It’s been a confusing winter for films. As I write this Avatar is still number one in the UK box office, and why shouldn’t it be? The world that James Cameron has created, if not the dialogue or plot, is ground-breaking. When I left the cinema the real world seemed dull. Yet as I look at the box office charts the film at number two is an entirely different affair, in many ways a blast from the past, a veritable stegosaurus next to Avatar.
Yet The Princess and the Frog is a case of a few steps back and huge leap forward for a company that seemed to have been lost in the modern world. While Disney combinations with Pixar have been well thought, well scripted and well made this cannot be said for the 2D animation. You’ve probably forgotten Treasure Planet, but if you’d been forced to sit through it on DVD with a younger cousin then you too would have it seared forever on your memory. Yet in late 2006 John Lasseter, Chief Creative Officer at Disney, announced that the studio would be leaving CGI to Pixar and working exclusively with hand-drawn animations. The first product of the revitalised studio is The Princess and the Frog.
Theis film’s quality was far from assured; Disney proved plenty of times that it’s possible to make a bad hand-drawn animation. But it seems that returning to this more basic style reminded Disney of what it’s meant to be; endearing. Spending painstaking hours on a few seconds of footage makes every moment valuable and The Princess and the Frog has an attention to detail that is unparalleled almost anywhere outside of Studio Ghibli. Indeed Lasseter is in a large way responsible for the huge fan base that films like Spirited Away and Princess Mononoke enjoy in the west and the influence of Miyazaki is evident in the glorious backgrounds of New Orleans in the twenties. Choosing such a music-rich setting was putting pressure on a soundtrack to deliver but Randy Newman’s jazz soundtrack proved successful in echoing, if not quite matching in quality, that of The Junglebook.
The plot is a clever reworking of the Grimm Brother’s Frog Prince where rather than returning the frog prince (Bruno Campos) to human form the unsuspecting Tiana (Anika Noni Rose) falls prey to the same Voodoo magic and becomes a frog herself. Some may cry that this runs a bit close to Shrek, but you are forced to forgive because what follows is an original and enchanting story. We dive into the swamps of the Mississippi pursued by a villain, Dr. Facilier (Keith David), as terrifying as any of the studios creations since the Bogeyman in Tim Burton’s stop motion The Nightmare Before Christmas. Throw in a trumpet-playing alligator (Michael-Leon Wooley) and a Cajun firefly (Jim Cummings) and you are on your way to a proper Disney film. Yes it may be predictable at its heart but what films that are essentially aimed at children aren’t?
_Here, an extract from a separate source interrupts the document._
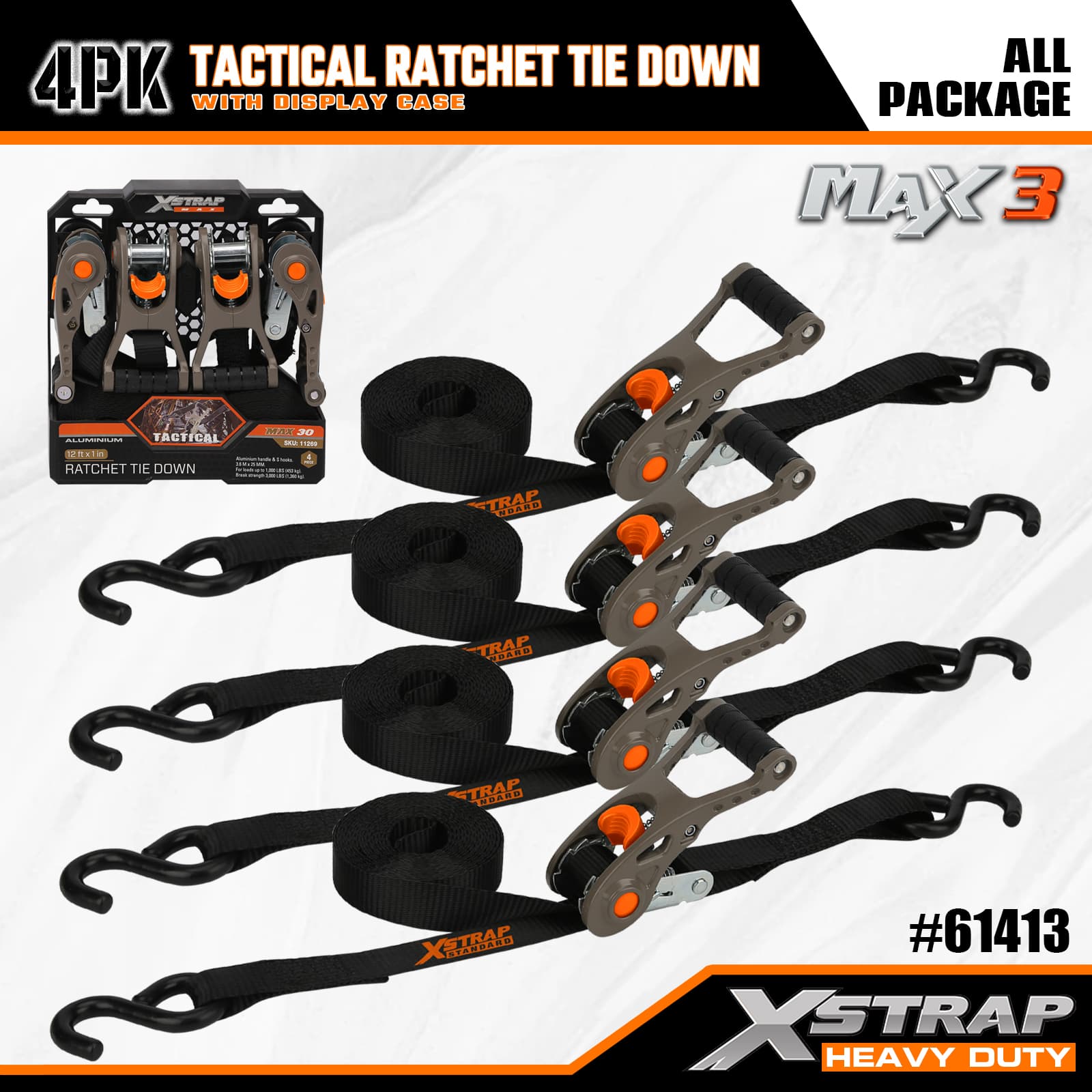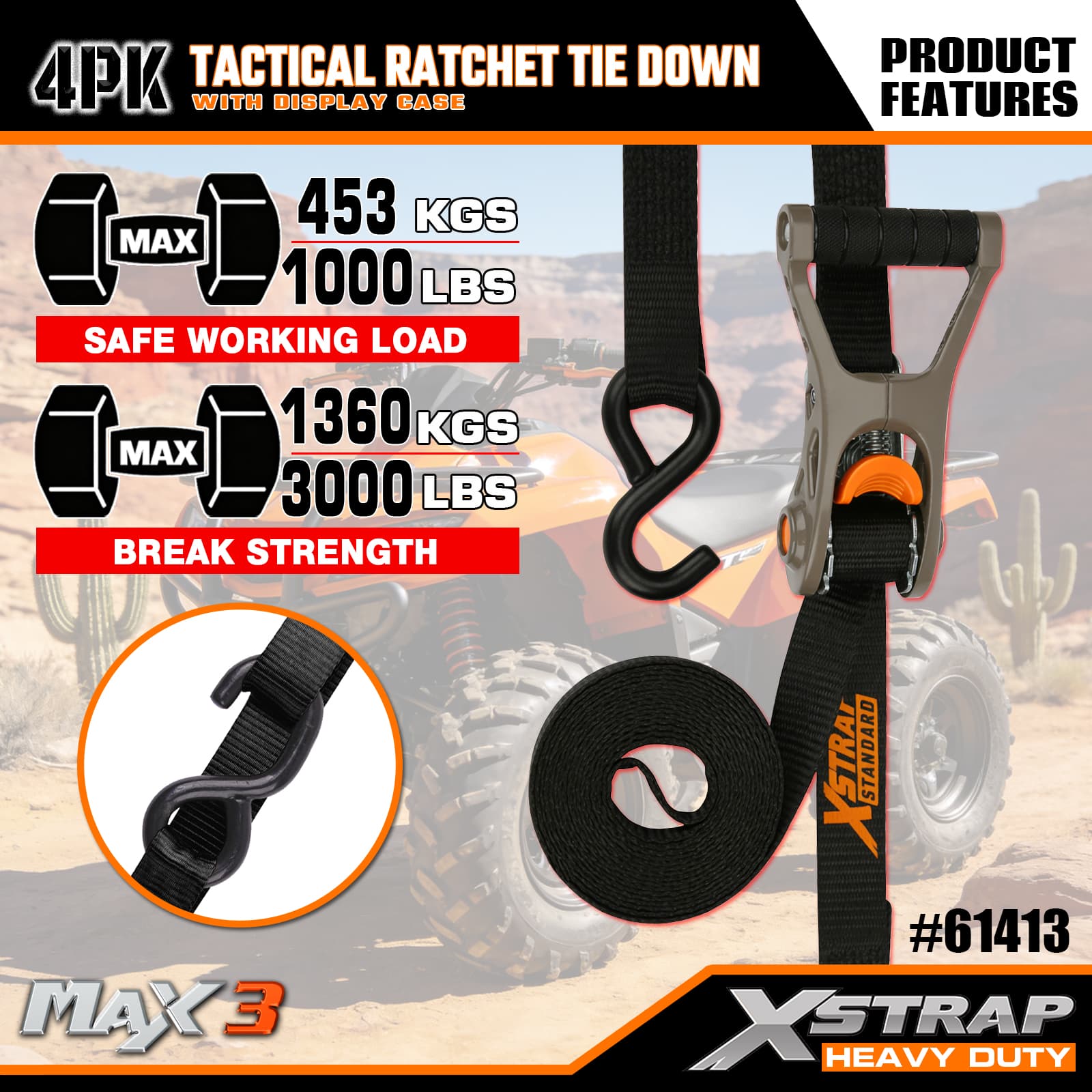 - Taktyczna aluminiowa konstrukcja zapadkowa: posiada solidny aluminiowy uchwyt metalowy zapewniający płynne i niezawodne napinanie - intuicyjny w obsłudze, dzięki czemu zarówno okazjonalni, jak i częsti użytkownicy mogą szybko zabezpieczyć ładunek.

The Princess and the Frog may not break new ground but it makes good use of a tried and trusted format. Much has been made of Tiana being the first black Disney princess, a fact that is worthy of note as a shocking indictment of another of Disney’s past failings. Hopefully the film will become truly significant for the era that it heralds, a return to the golden ages of the 50’s and 90’s when children’s films were not churned out for the plastic toys of Disney films you found at the bottom of your Happy Meal. It will take up half as much of your money, half as much of your time but it will charm you more than any combination of lanky smurfs ever could.